What is needed
The answer consists solely of the lines running from the one with "Данная модель наружного" through the final line below, transcribed exactly and without any pictures.

Information shown

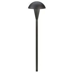 Eclipse 12V 18 inch Outdoor Path Light features a dome cap which creates a soft, warm circular glow of light. Available in Textured Black or Textured Architectural Bronze. One 24.4 watt 12 volt wedge bulb is included. Includes 8 inch in-ground stake, 24 inch leads, and cable connector. 9 inch width x 18.5 inch height. UL Listed for wet locations. Required transformer sold separately.
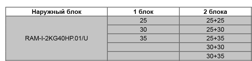 Данная модель наружного блока рассчитана на подключение 2 внутренних блоков и имеет общую площадь охлаждения до 40 кв.м.
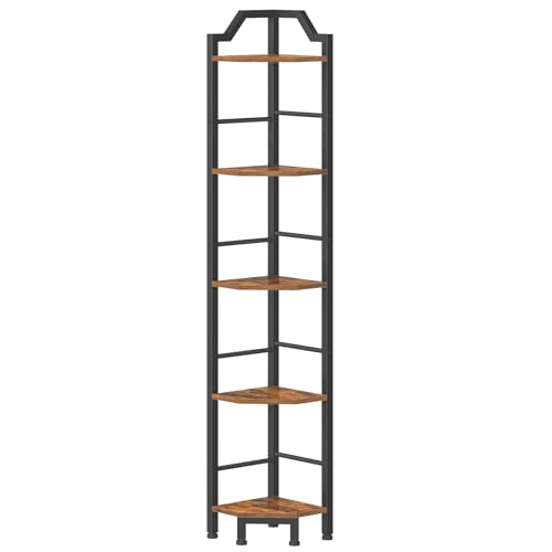 HOOBRO Smal hörnhyllstativ, 5-nivås hörnhylla, 160 cm hög multifunktionell hörnbokhylla, stående displayhylla växtstativ, för vardagsrum, studie, kök, rustik brun och svart BF100CJ01

Task solution
 Данная модель наружного блока рассчитана на подключение 2 внутренних блоков и имеет общую площадь охлаждения до 40 кв.м.
 HOOBRO Smal hörnhyllstativ, 5-nivås hörnhylla, 160 cm hög multifunktionell hörnbokhylla, stående displayhylla växtstativ, för vardagsrum, studie, kök, rustik brun och svart BF100CJ01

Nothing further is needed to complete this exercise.